Fanatics yesterday (3 December) announced the launch of Fanatics Markets, a prediction market platform that has now begun its rollout across the US.
The launch marks another step in the company’s diversification beyond merchandise and traditional sports betting.
The move aims to position the company, recently valued at around $25bn, as a major competitor in the rapidly growing prediction market sector, challenging existing players like Kalshi and Polymarket.
Fanatics Markets is launching in two distinct phases. Phase One went live on Wednesday (3 December) in an initial 10 states, with the remaining states in the 24-state rollout scheduled to follow later.
The first states were Alaska, Delaware, Hawaii, Idaho, Maine, New Hampshire, North Dakota, Rhode Island, South Dakota, and Utah.
Next to be added are Alabama, California, Florida, Georgia, Minnesota, Mississippi, Nebraska, New Mexico, Oklahoma, Oregon, South Carolina, Texas, and Washington.
Fanatics only said it would launch in those latter states “soon.”
The platform allows users to trade event contracts across a variety of outcomes, including sports, finance, economics, and politics.

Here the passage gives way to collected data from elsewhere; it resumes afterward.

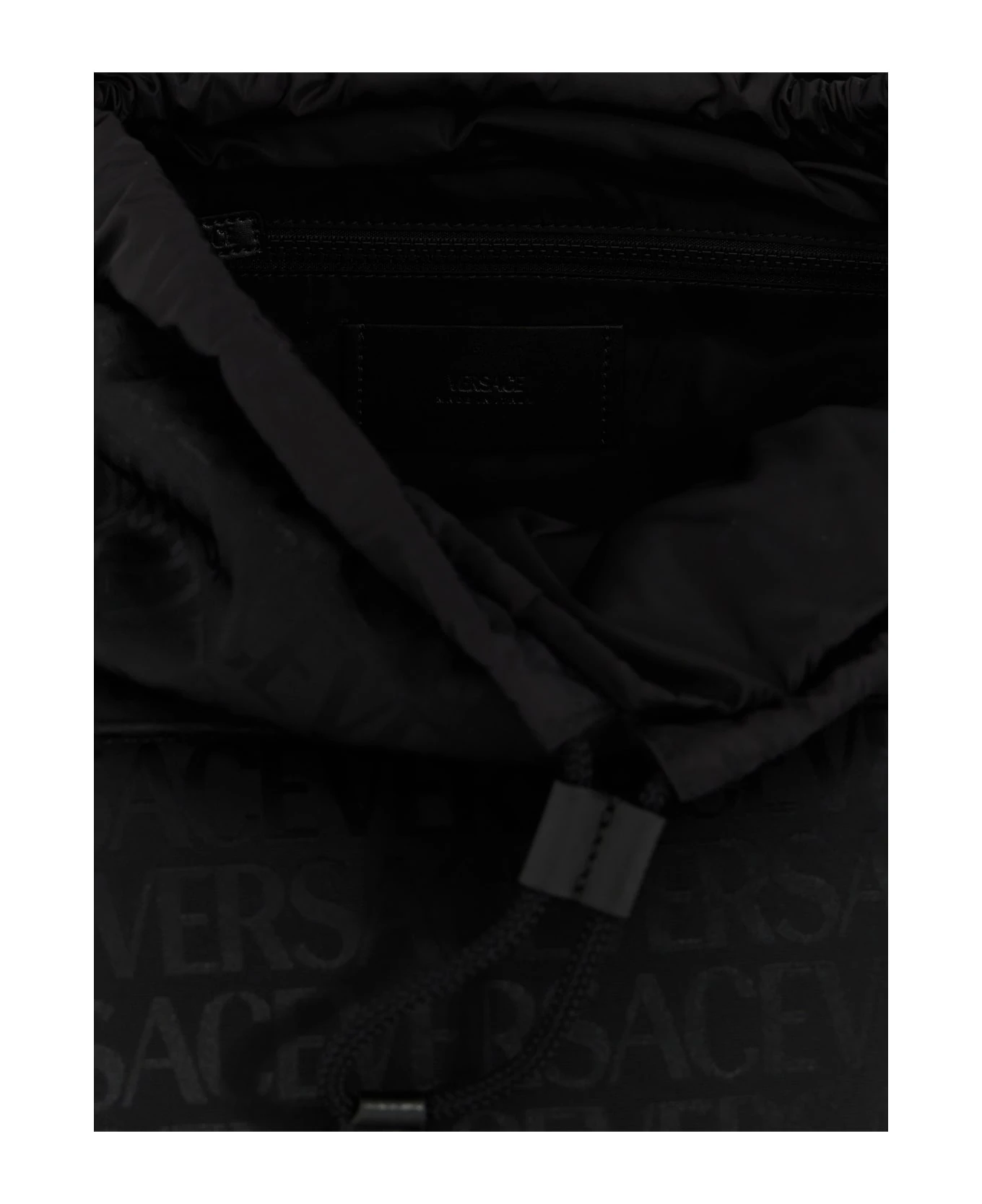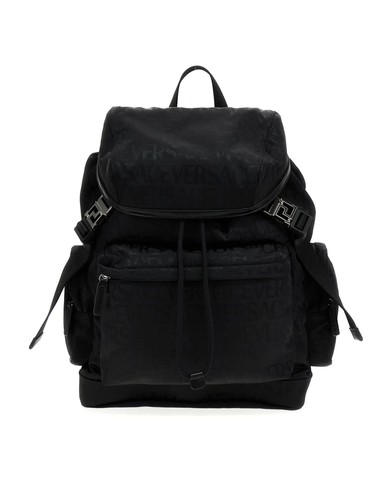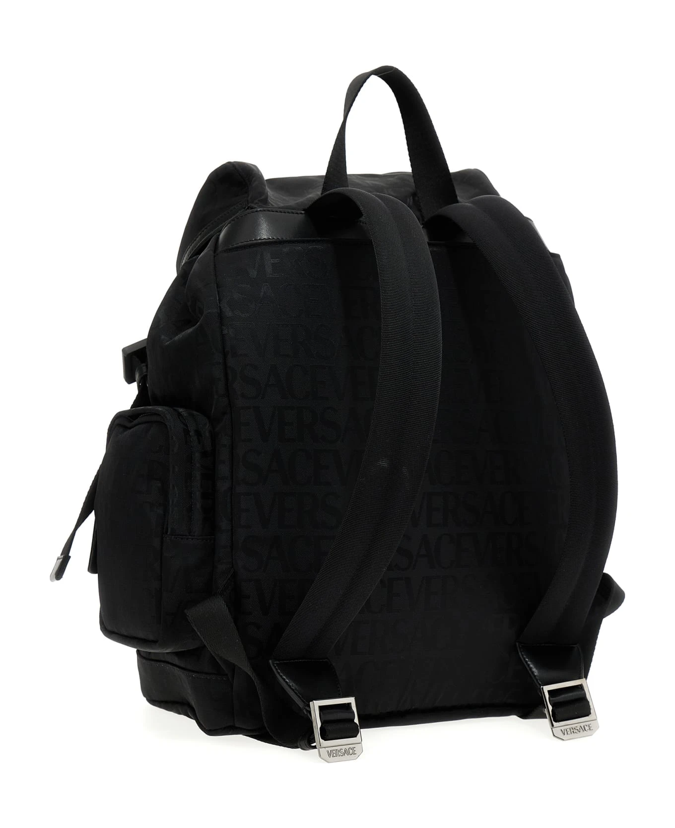 Nylon backpack with all-over jacquard logo pattern, silver leather and metal details, zip closure, adjustable shoulder straps.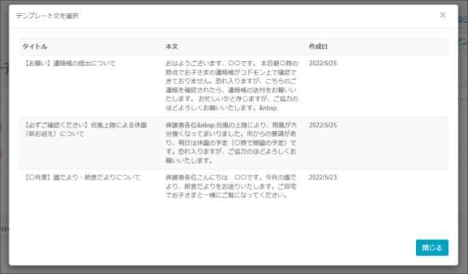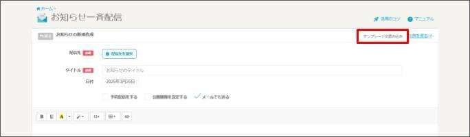 お知らせの本文にテンプレート文を引用する2026年2月9日 更新テンプレートを引用するためには、お知らせ一斉配信の権限が「編集可能」であることが必須です。 このページの操作を行うには、以下の設定が事前に必須です 【設定】お知らせ一斉配信のテンプレート文を登録する [お知らせ一斉配信] をクリックします。 [新規投稿] をクリックします。 [テンプレート文読み込み] をクリックします。 使用したいテンプレート文を選択します。本文に引用したテンプレートが挿入されます。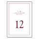 Simple número de tabla boda con un diseño elegante e intemporal con su monograma de dos letras, nombres, fecha y número de tabla rodeados de un borde delgado. Todos los elementos de diseño son de color burdeos sobre un fondo blanco y pueden cambiarse a cualquier color que desee en la herramienta de edición de diseño. Un diseño limpio y clásico perfecto para una pareja que quiere un número de mesa de estilo tradicional con un toque moderno. Agregue cada número de tabla a su carrito individualmente.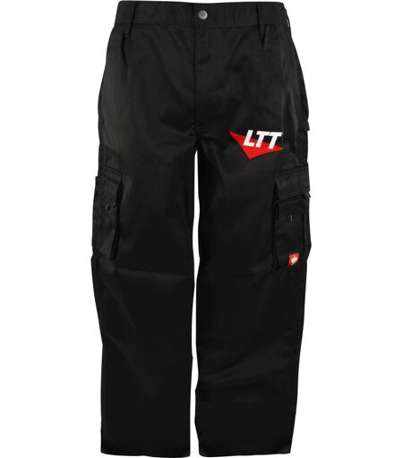 LTT Herrenhose lang: dehnbarer Bund, verstärkte Kniepolstertaschen, 2 Schubtaschen und Münztasche, 2 große Gesäßtaschen, eine mit Patte und Klettverschluss, Schenkeltasche, Werkzeugfächer und aufgesetztes Handyfach mit Patte und Klettverschluss, doppelte Zollstocktasche rechts mit Stiftefächern, Hammerschlaufe und Zollstocktasche links, Gürtelschlaufen und YKK-Reißverschluss, Material: 65 % Polyester / 35 % Baumwolle, Farbe: schwarz ...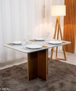 Mesa de Jantar Helo 1.20×0.80 Com 4 Cadeiras – Mel/Off White/Marrom Veludo
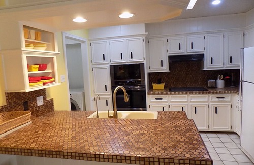 Come stay in this nice neighborhood and enjoy the sunny, private veranda, two big isolated bedrooms with a king bed, a queen bed, two full size beds and two comfy sofas. Three TV's including a 58-inch Samsung, a 55-inch Samsung and a third Roku streaming TV. High speed internet, gas fire logs, new RO water system, two step-in showers and a big garden sunken soaking tub.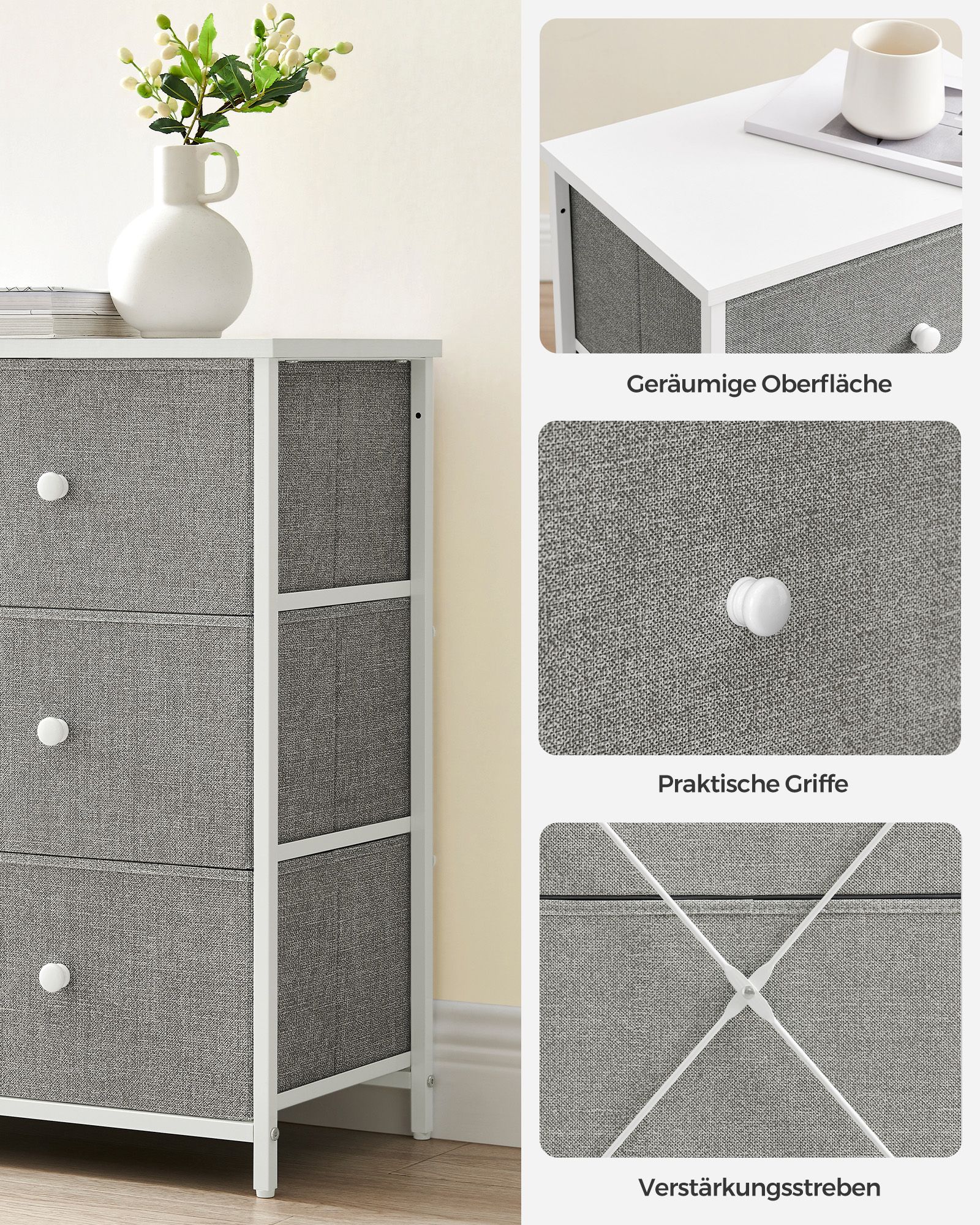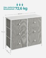 Ši stilinga komoda, pasižyminti šviesiai pilkos ir baltos spalvų deriniu, yra puikus pasirinkimas tiems, kurie vertina modernų dizainą ir praktiškumą. Pagaminta iš aukštos kokybės medžiagų, ši komoda ne tik papuoš jūsų interjerą, bet ir suteiks papildomos vietos daiktams laikyti.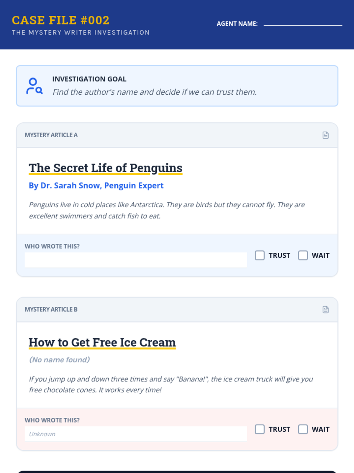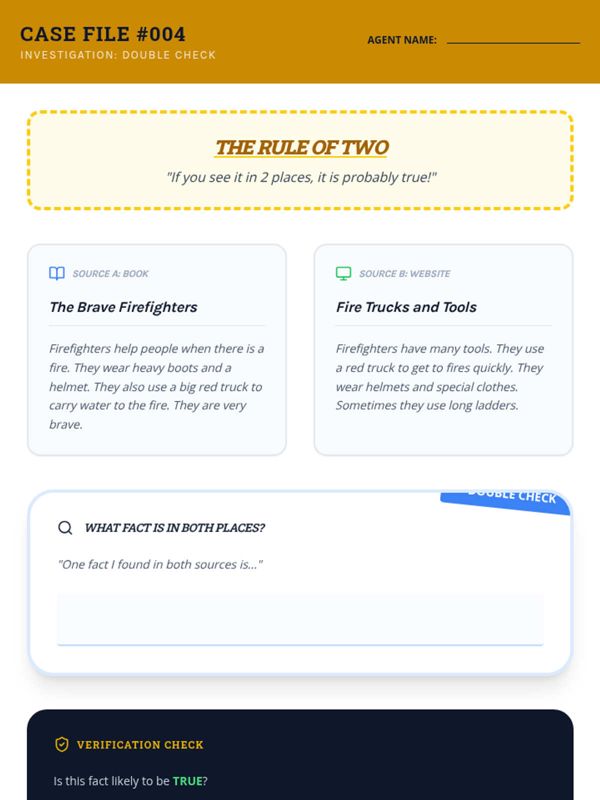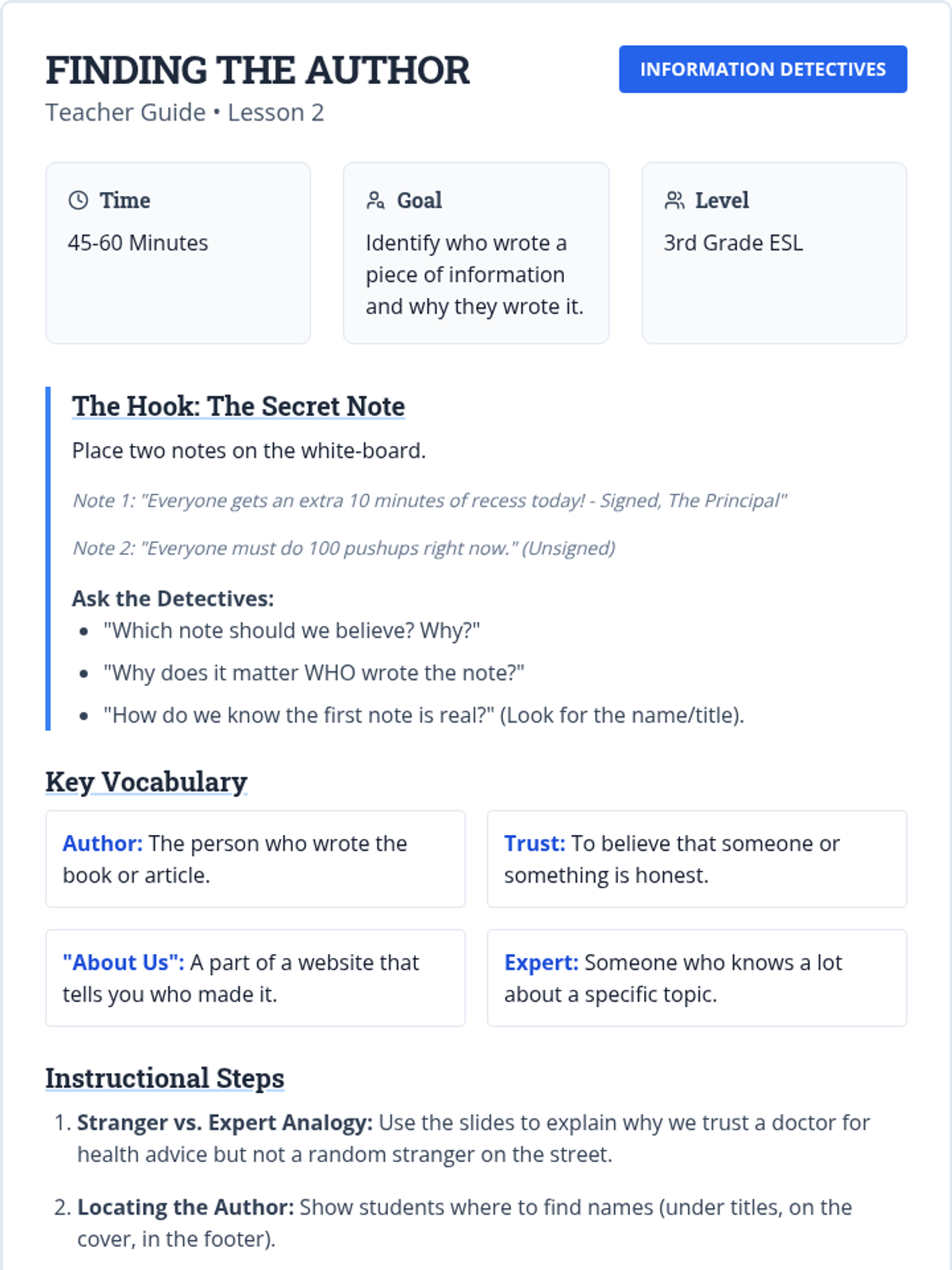 A 5-lesson sequence for 3rd-grade ESL students to learn the basics of source credibility and fact-checking through the lens of 'Information Detectives'. Students learn to distinguish fact from fiction, identify authors, recognize advertisements, and cross-check information.
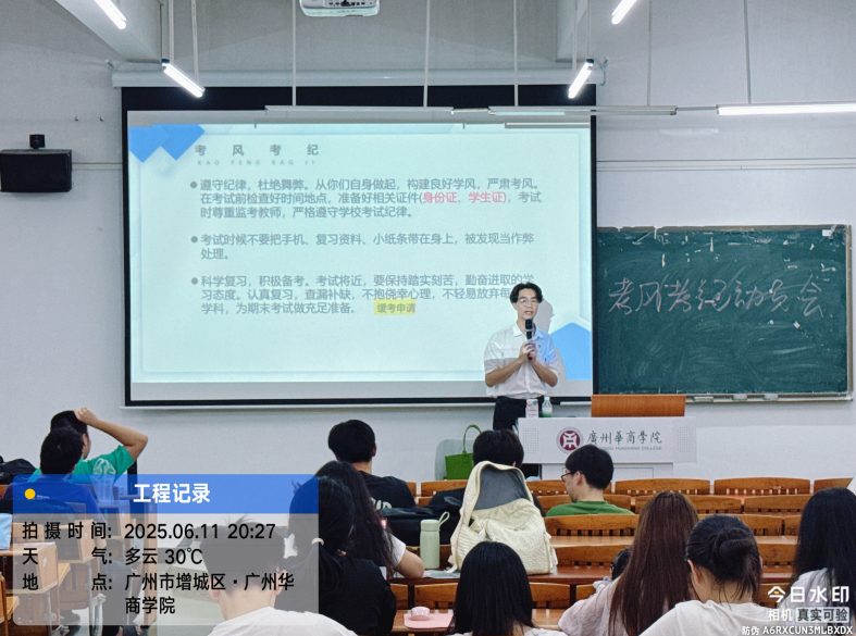 为强化学生考试纪律意识,营造公平诚信的考试环境,广州华商学院数字金融学院分别在广州校区、肇庆校区组织开展期末考试动员暨考风考纪主题班会,以“双校区联动”形式为学生备考注入“强心剂”。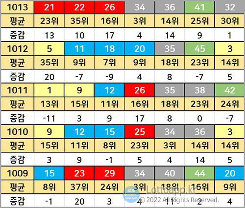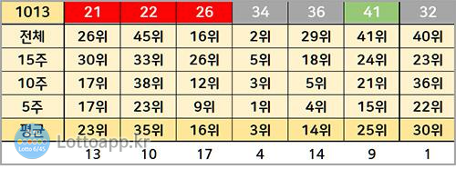 1013회 당첨번호 중에서는 26번이 상승폭이 가장 많아서 17위 상승 하였습니다.
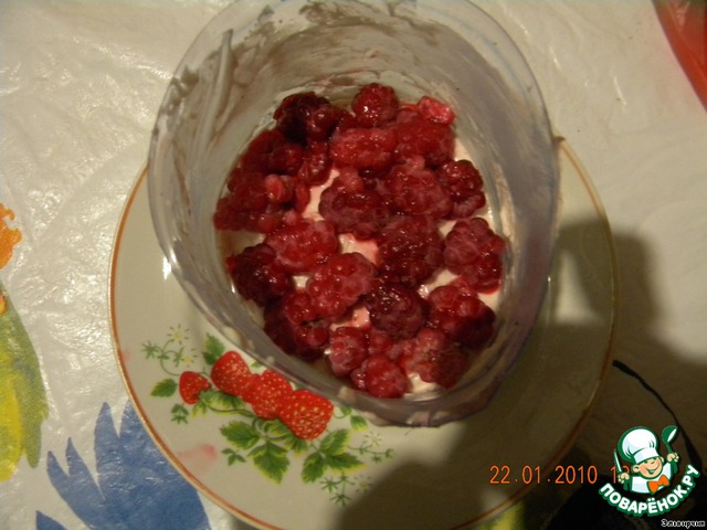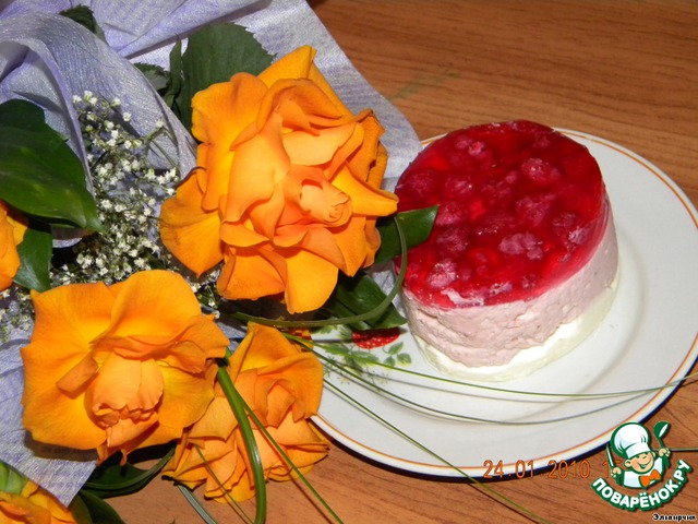 Белые сливки выложить, сверху розовые (подкрасить соком от растаявших ягод). Дать застыть в холоде. Затем ягодки и разведенное желе. И снова в холод.

Fanatics plans for Phase Two, scheduled for early next year, to expand its markets to include event contracts related to crypto, stocks/IPOs, climate, pop culture, tech/AI, movies, and music.
The new venture is facilitated through a strategic partnership with Crypto.com | Derivatives North America (CDNA), a Commodity Futures Trading Commission (CFTC)-registered exchange and clearinghouse.
CDNA will provide the underlying markets and pricing data, while Fanatics will maintain full control over the user experience and interface of the Fanatics Markets app, which is available on iOS and Android.
Fanatics also bolstered its regulatory standing in July 2025 by acquiring Paragon Global Markets, LLC, a federally registered introducing broker with the CFTC.
Targeting untapped markets amid regulatory scrutiny
The launch confirms previous indications from Fanatics CEO Michael Rubin, who said in November that the company planned to introduce a prediction market platform in the coming weeks.
The venture allows Fanatics to offer a form of event-based trading in large, commercially significant states such as California, Texas, and Florida.
This reflects the plans of other sportsbooks that are looking at jurisdictions where their traditional online sports betting products are not yet legally available.
The strategy capitalises on a regulatory distinction that allows prediction markets, regulated by the CFTC as derivatives exchanges, to operate in a broader swath of the US compared to state-regulated sports betting.
However, this regulatory environment remains contentious.
While pioneers like Kalshi and Polymarket have seen their valuations soar, they continue to face pushback and legal scrutiny from various state gambling regulators who argue that sports event contracts constitute unregulated wagering.
Kalshi was recently valued at $11bn after a $1bn funding round, underscoring investor confidence in the sector’s long-term potential despite the legal ambiguity.
Fanatics’ entry with a federally-regulated, diversified market offering pits it directly against the prediction market duopoly while also allowing it to leverage its extensive customer base and brand ecosystem across merchandise, collectibles, and gaming.
The company’s gaming division is already aggressive, with Michael Rubin having projected that the segment could account for 40% of Fanatics’ profits by 2027.